Не оставила без внимания Долли и другую фразу Анны, о том, что она теперь не может заснуть без морфия, к которому привыкла во время болезни. Но та болезнь, физическая, уже прошла, а другой, душевный недуг постепенно овладевал ее сознанием. По мере того как разрушались ее связи с внешним миром, она замыкалась в самой себе.
Единственной «опорой» Анны становится ее страстное чувство любви к Вронскому. Но странное дело — это чувство любви к другому превращается в болезненное и раздражительное чувство любви к самой себе. «Моя любовь, — признается Анна, — все делается страстнее и себялюбивее, а его все гаснет, и гаснет, и вот отчего мы расходимся. И помочь этому нельзя».
Диалектика перехода чувства самоотверженной любви к другому в себялюбивую и эгоистическую страсть, сжимающую весь мир в одну сверкающую и доводящую до безумия точку, — вот феноменология души Анны Карениной, раскрытая Толстым с шекспировской глубиной и силой.
Как Толстой относился к Анне Карениной? В своем романе он не хотел пользоваться «пафосом и объясняющими рассуждениями». Он писал суровую историю ее страданий и падений. Толстой как бы не вмешивался в ее жизнь. Анна действует так, как если бы она была совершенно независима от авторской воли. В ее рассуждениях есть горячая логика страстей. И оказывается, что даже разум ей дан только на то, чтобы «избавиться»…

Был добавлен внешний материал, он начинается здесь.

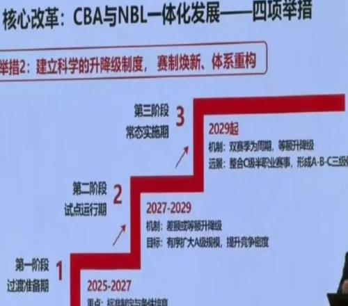 目前CBA公司已經是開始為明年做規劃了,根據CBA開會的過程當中我們可以了解到,CBA將會是重啟升降級的制度,在過去的十幾年當中,CBA一共就是只有20支隊伍的,之前很多球隊想要加入進來都被拒絕了,像是安徽文一、香港金牛等等這些球隊,因為在NBL非常吃香,但是始終敲不開CBA的大門,但是從2027年開始將會試行升降級的制度,主要就是對于CBA聯賽后四名的球隊跟NBL前四名的隊伍進行對決,輸掉的球隊將會降級發展!
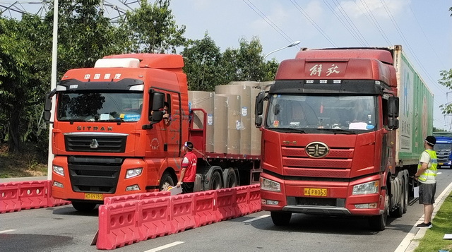 臨近檢查站,車輛已出現(xiàn)嚴重擁堵。從導航軟件上看到排隊的車龍已近3公里,郭振華當機立斷:“下車步行!”隊員們立即跟上,頂著頭頂?shù)难籽琢胰毡枷驒z查站。“坐在空調(diào)車里慢慢排隊,等到達檢查站,估計要四五點鐘。我們不能等。”他們說,作為象嶼人、國企人,參與抗疫,就要竭盡全力、問心無愧。最終,象嶼志愿者們在規(guī)定的三點前準時到位,成為第一支到達的志愿者隊伍。
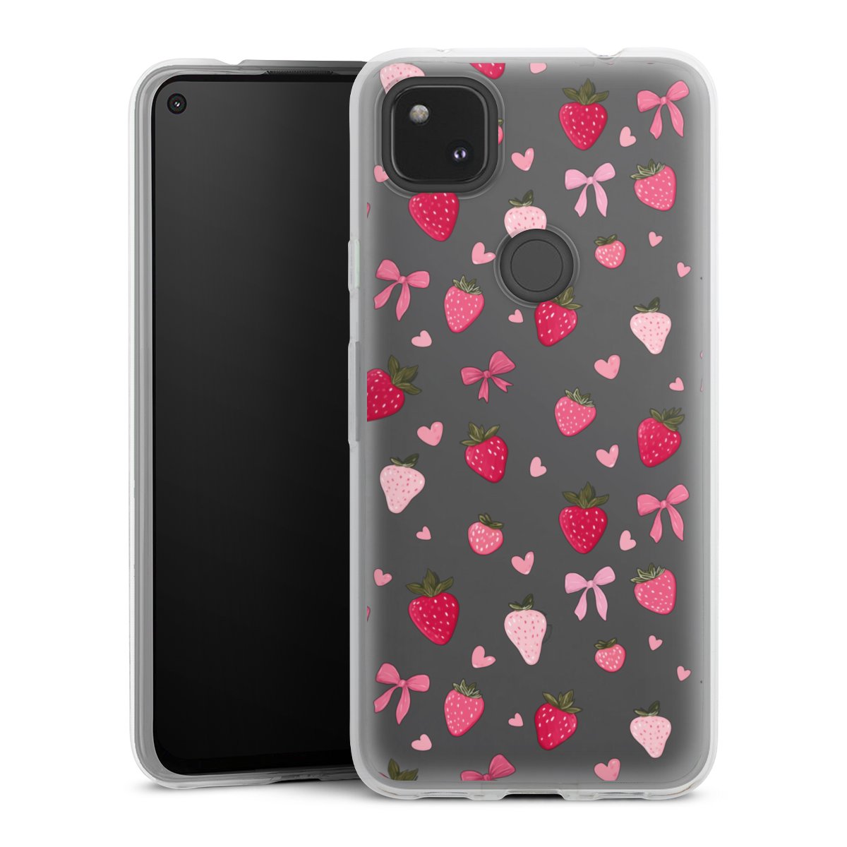 Strawberry Ribbon Pattern Pink Transparent
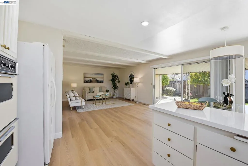 Located at the end of a court in the Brookvale neighborhood, this 3-bedroom, 2-bath home offers practical updates and a convenient location. Features include a spacious living room and new SPC flooring throughout. The kitchen includes recessed lighting, and both the kitchen and bathrooms have freshly painted cabinets and reglazed countertops. The low-maintenance backyard includes a patio cover and mature orange, lemon, and mandarin trees. Close to Alameda Creek Trail and Quarry Lakes Regional Recreation Area, and near Brookvale Elementary School, Thornton Middle School, and American High School. Easy access to Highway 880 and the Dumbarton Bridge, with shopping centers, restaurants and grocery stores nearby."
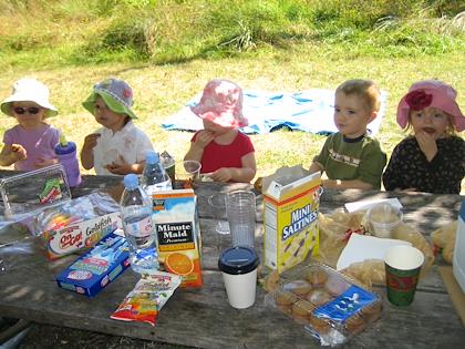 Seeing our Peps friends - snacking, all in a row
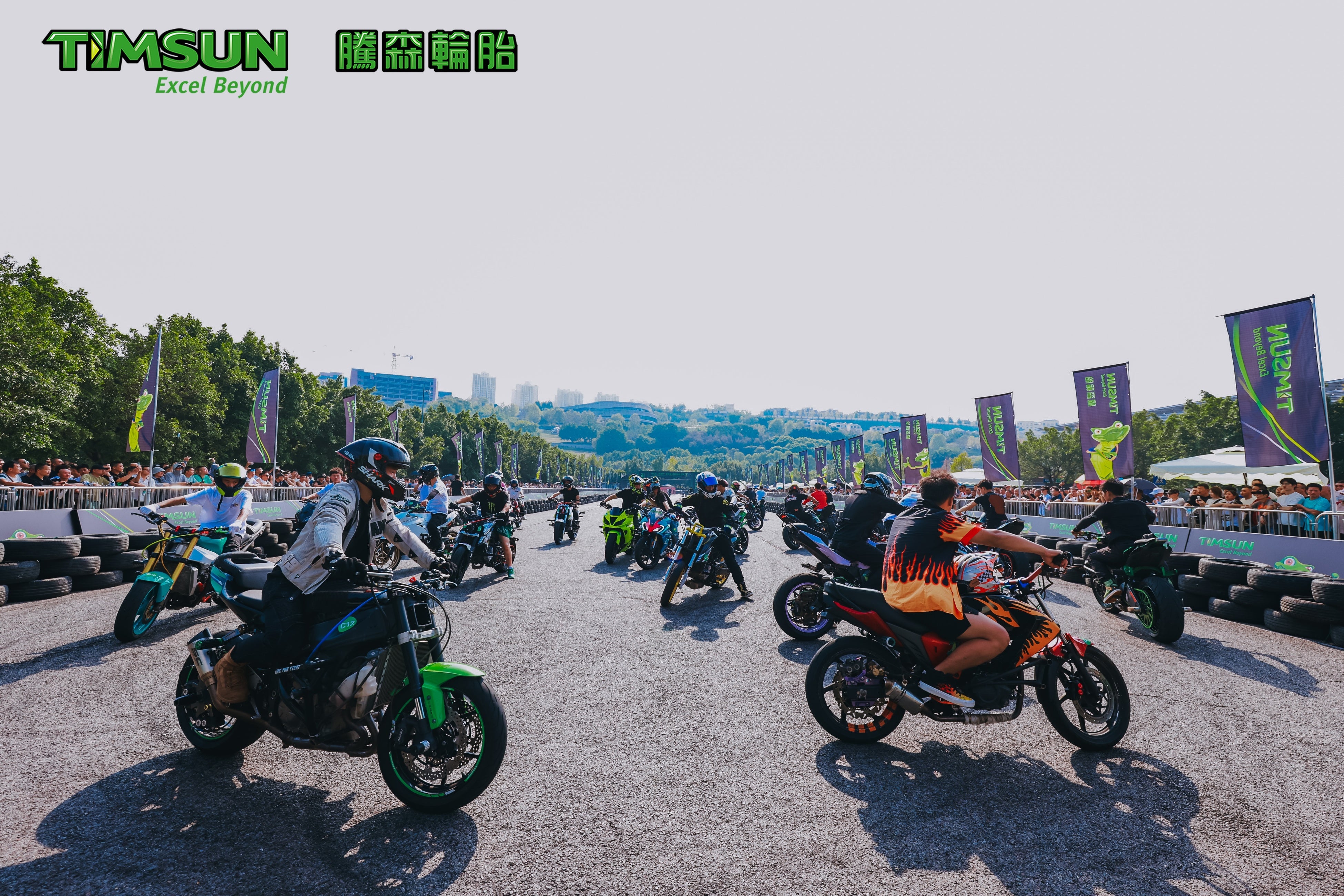 TIMSUNは現在、世界40ヵ国以上で流通するグローバルタイヤブランドであり、海外ではTIMSUNを冠した展示会が開催されるなど、ブランドとしての存在感を拡大しています。また、海外イベントではXゲーム系のトップライダーが参加するなど、パフォーマンス領域においても注目を集めており、単なるコストパフォーマンスタイヤの枠を超えたブランドへと進化しています。
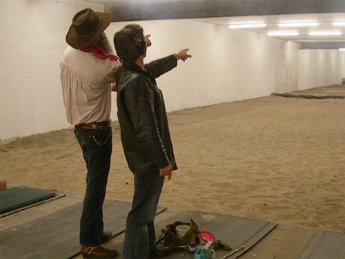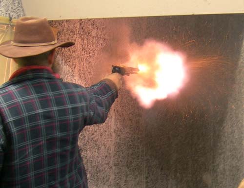Schieten met de Howdah Een volwassen klap hoor!. De trekkerbeugel tikt tegen Hildo's middelvinger aan, beetje auw maar, het valt erg mee. De gebogen grip, gebruikelijk op ouderweste voorlaadpistolen, is niet erg ergonomisch. Ergonomie is een later uitgevonden wetenschap. Dit wapen is een regelrechte funshooter, en fun is altijd leuk!
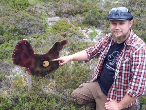 För mig som är en sann vän av flintsnapplåset som troligen är vårt äldsta och mest folkkära lås sen 1550-talet så var detta något av en högtidsstund. Den orimligt korta kolven inbjöd oss till att skjuta liggande med bösspipan vilande mellan knäna, en klassisk skjutställning bland vildmarkens fågeljägare. Bössan, en av Wiberg tillverkad replik av en Runöbössa, vilka jag själv äger ett par stycken. En mycket konvservativ och eftersläpande bösstyp som närmast påminner om flintsnapplåsbössorna som brukades under 1600-talet. Det är ovant att låta vänsterhanden stoppa rekylens framfart men med den förhållandevis snälla kalibern så var det inga problem. Ställningen bäddade för stabilt stöd och gav mig dagens första och enda träff i björnen.
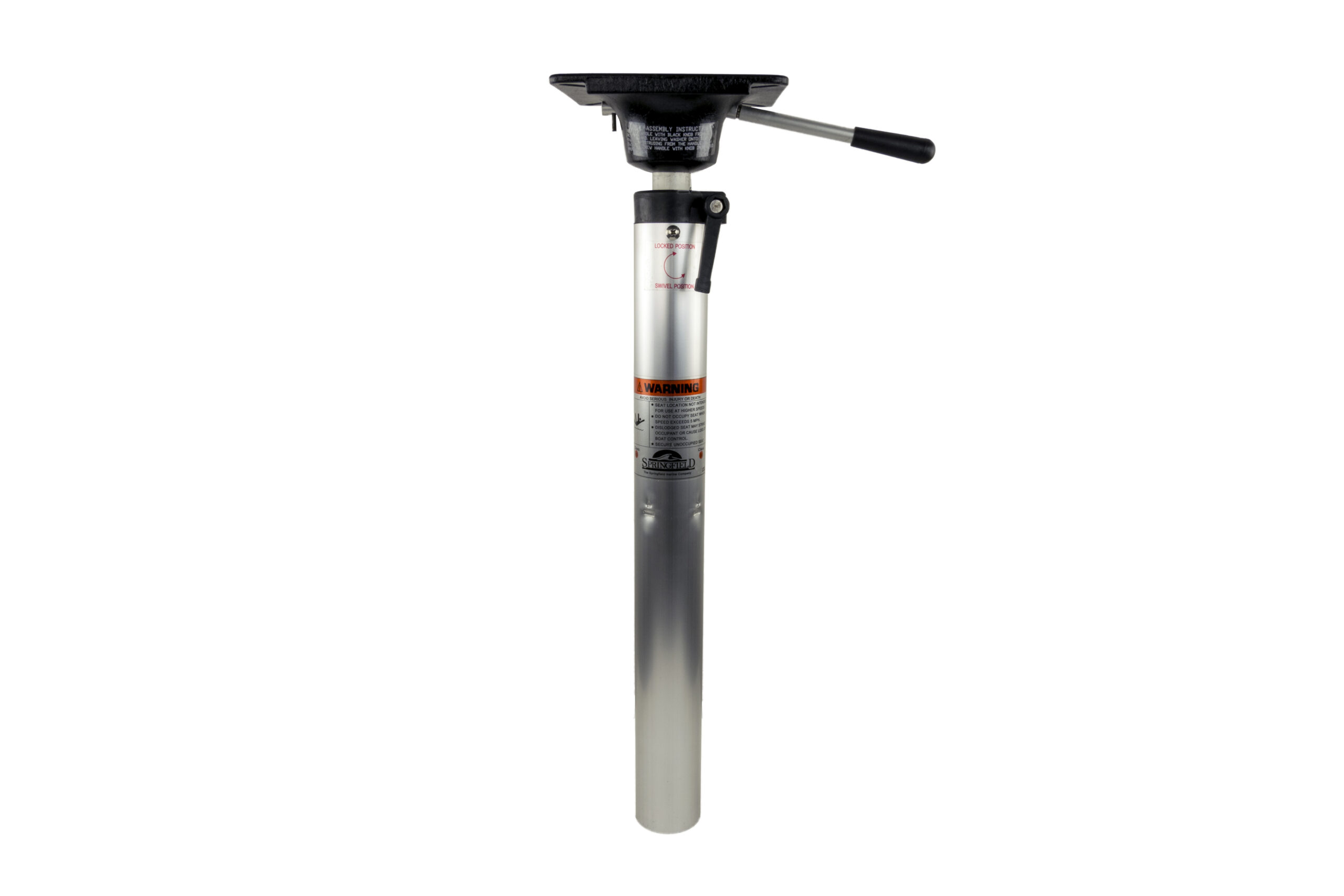 Anodized aluminum post can be locked in position to prevent rotating or unlocked to rotate freely. Provides safe stable seating. Fits any 2-3/8″ Plug-In™ base (sold separately). Cast aluminum seat mount with black textured powder-coated finish and aluminum capped gas cylinder inner post. 5″ x 5″ bolt pattern. 3° Degree tilt.
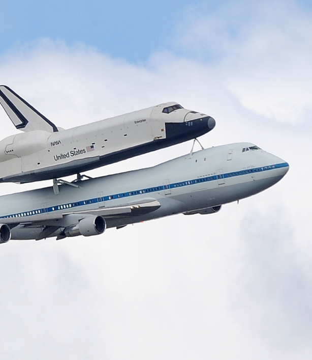 NASA lennätti nimittäin avaruussukkula Enterprisen viimeiselle lennolleen tukikohdastaan Washington DC:ssä sijaitsevaan avaruusmuseoon, jonne sukkula asetetaan näytille. Tällä matkalla NASA järjesti myös PR-mielessä tempauksen, joka kiinnitti miljoonat silmäparit taivaalle. Enterprise sai nimittäin kunnian lentää Boeing 747 -kuljetuskoneensa selässä näyttävästi miljoonakaupungin yli.
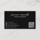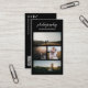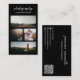 Carte de visite de photographie moderne avec un design simple et minimal avec un collage photo de quatre de vos photos préférées sur un arrière - plan noir. Le dos a votre nom dans un script élégant avec vos coordonnées, icônes de médias sociaux et code QR. Vous pouvez supprimer le code QR et ajouter / modifier les icônes dans l'outil de modification de conception. Ces cartes de visite immoraux sont parfaits pour un photographe mariage.
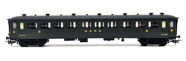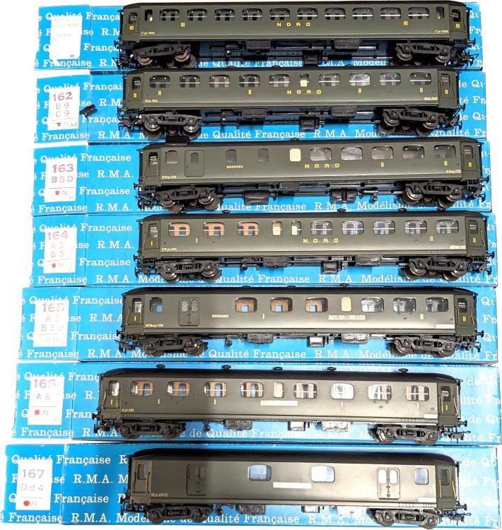 RAME COMPLETE 7 ELEMENTS NORD RAPIDE - VOITURE VOYAGEURS + FOURGON BAGAGE ( MONTE )
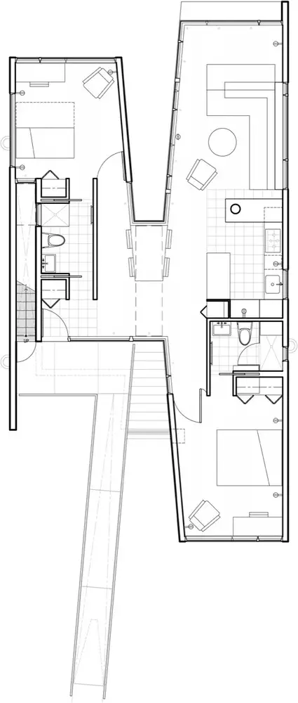 El comedor, con su mesa de madera en voladizo, se sitúa en el corazón de la casa. Está diseñado como un espacio terapéutico que invita a la unión familiar. La luz natural inunda el interior, creando un ambiente cálido y acogedor que se extiende a los dos dormitorios. Dichas habitaciones están diseñadas para ofrecer confort y privacidad.
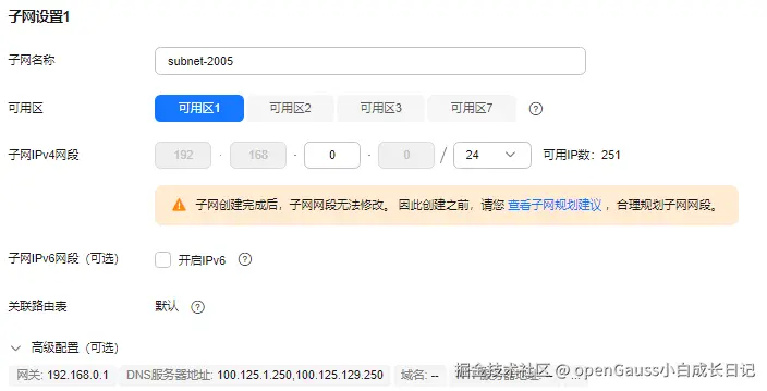 本示例中选择了单可用区,实际建议选择多可用区,以提高实例的高可用性。
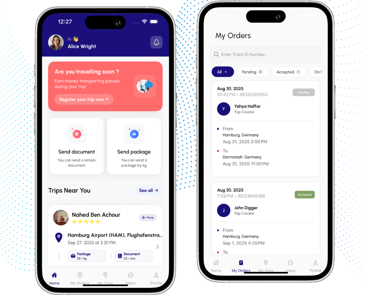 SendPal هو سوق موثوق حيث يتواصل المرسلون والمسافرون. انشر طلباً، ابحث عن تطابق، وأكمل عمليات التسليم بسهولة – كل ذلك مدعوم بمدفوعات آمنة وتواصل مباشر.
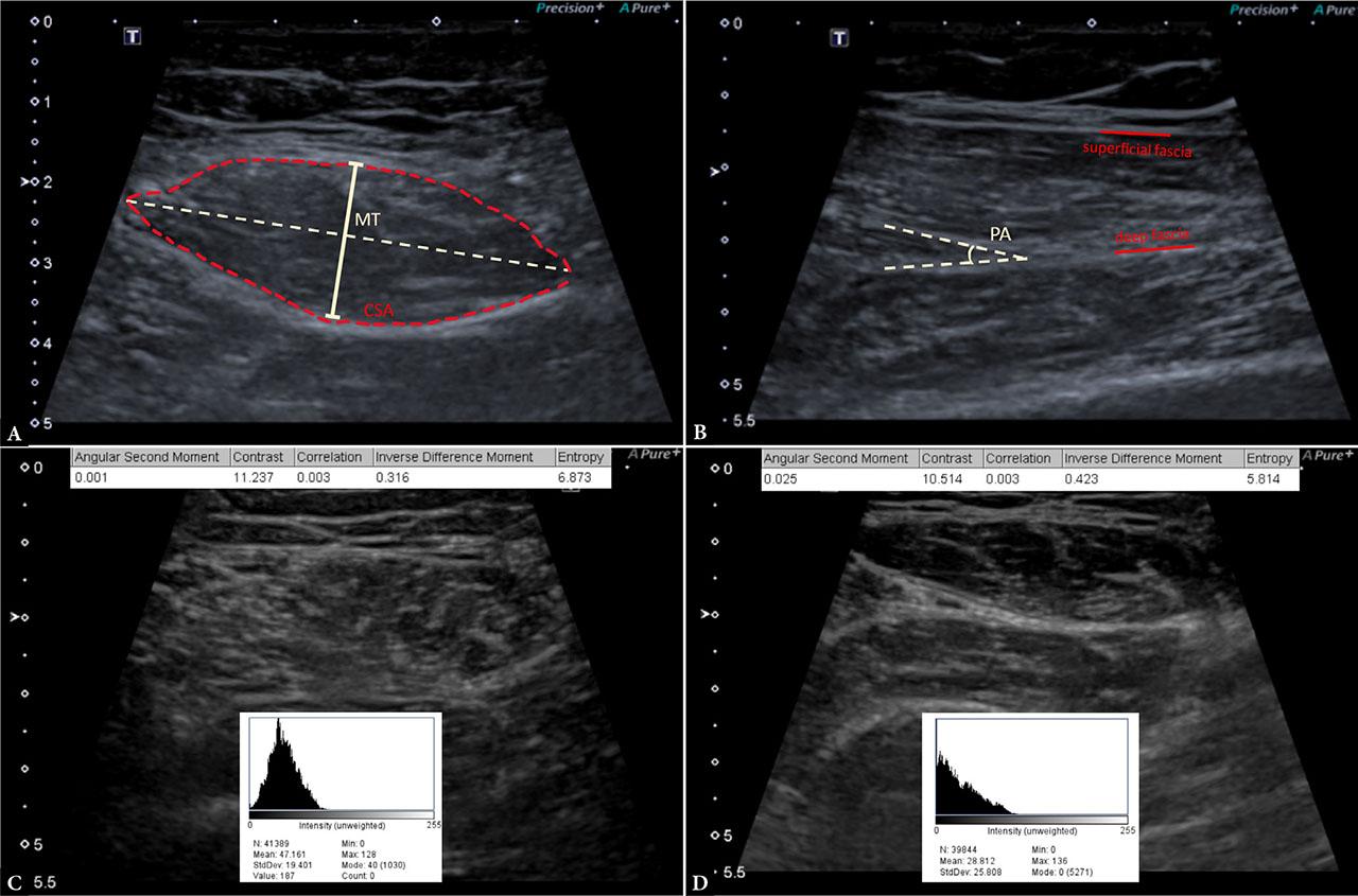 Example of ultrasound measurements of the rectus femoris (RF) muscle: A. the pennation angle (PA) was obtained in the long-axis view and measured between lines drawn along the deep muscle fascia and the muscle fascicle; b) RF thickness (MT) and cross-sectional area (CSA) were measured in the short-axis view, the former represented by the maximal vertical distance between the superficial and deep fascia layers, the latter calculated after outlining the muscle’s boundaries; C and D. echogenicity and gray-level co-occurrence matrix (GLCM) features were measured in the short-axis view: a square region of interest (ROI) was selected, and the following texture parameters were calculated using ImageJ software: mean pixel intensity, angular second moment (ASM), contrast, correlation, entropy, and inverse difference moment (IDM); C. muscle image from a patient in the “probable sarcopenia” group; D. muscle image from a patient in the “no probable sarcopenia” group
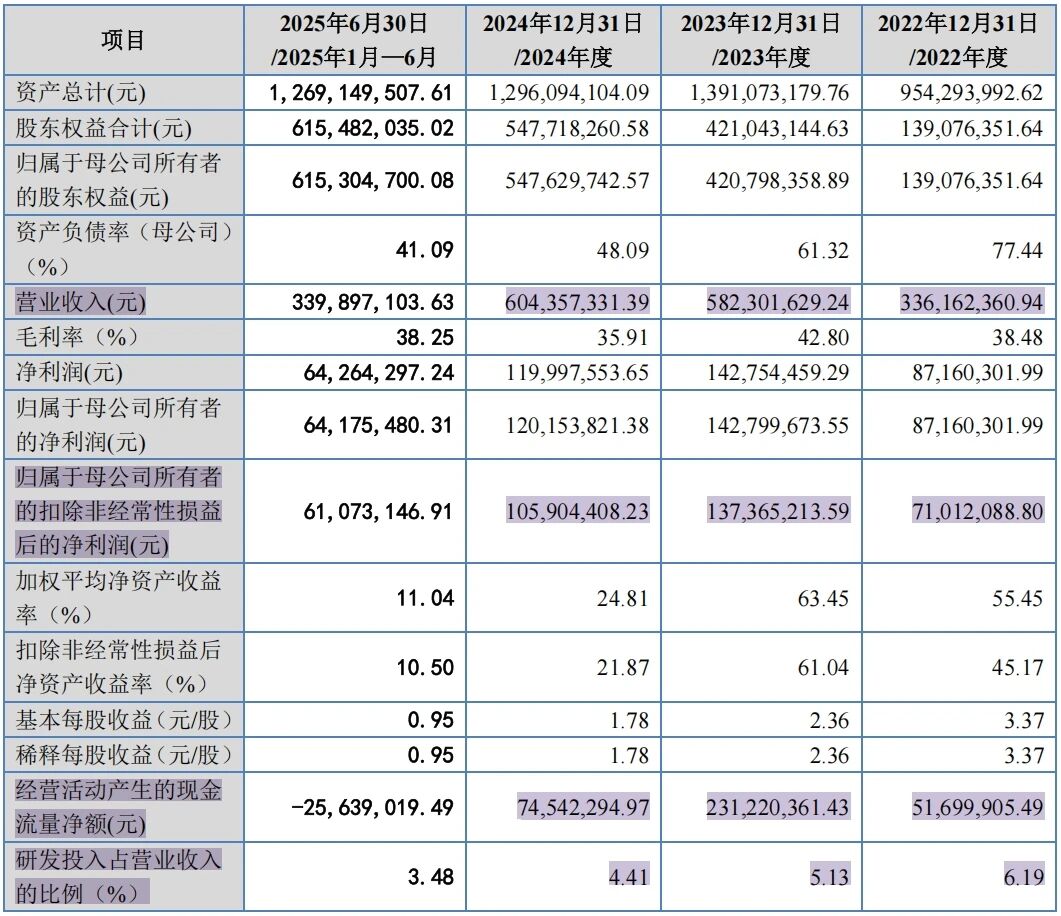 报告期内(2022年至2025年上半年),龙鑫智能的营业收入分别为3.36亿元、5.82亿元、6.04亿元、3.4亿元;净利润分别为8716.03万元、1.43亿元、1.2亿元、6426.43万元。

«И я накажу его и избавлюсь от всех и от себя», — говорит Анна. Так ее любовь приходит к своему самоотрицанию, превращается в ожесточение, приводит ее к раздору со всеми, с миром, с жизнью. Это была жестокая диалектика, и Толстой выдержал ее до конца. И все же, как относился Толстой к Анне Карениной?
Одни критики, как это верно заметил В. В. Ермилов, называли Толстого «прокурором» несчастной женщины, а другие считали его ее «адвокатом»[58]. Иными словами, в романе видели то осуждение Анны Карениной, то ее «оправдание». И в том и в другом случае отношение автора к героине оказывалось «судебным».
Но как не вяжутся эти определения с «семейной мыслью» романа, с его главной мыслью, и его объективным стилем! Аннушка, горничная Анны Карениной, рассказывает Долли: «Я с Анной Аркадьевной выросла, они мне дороже всего. Что ж, не нам судить. А уж так, кажется, любит»… Эти простодушные слова понимания и неосуждения были для Толстого очень дороги.
Отношение самого Толстого к Анне Карениной скорее можно назвать отцовским, чем судебным. Он скорбел над судьбой своей героини, любил и жалел ее. Иногда и сердился на нее, как сердятся на близкого человека. «Но не говорите мне про нее дурного, — как-то сказал Толстой об Анне Карениной. — …Она все-таки усыновлена» (62, 257).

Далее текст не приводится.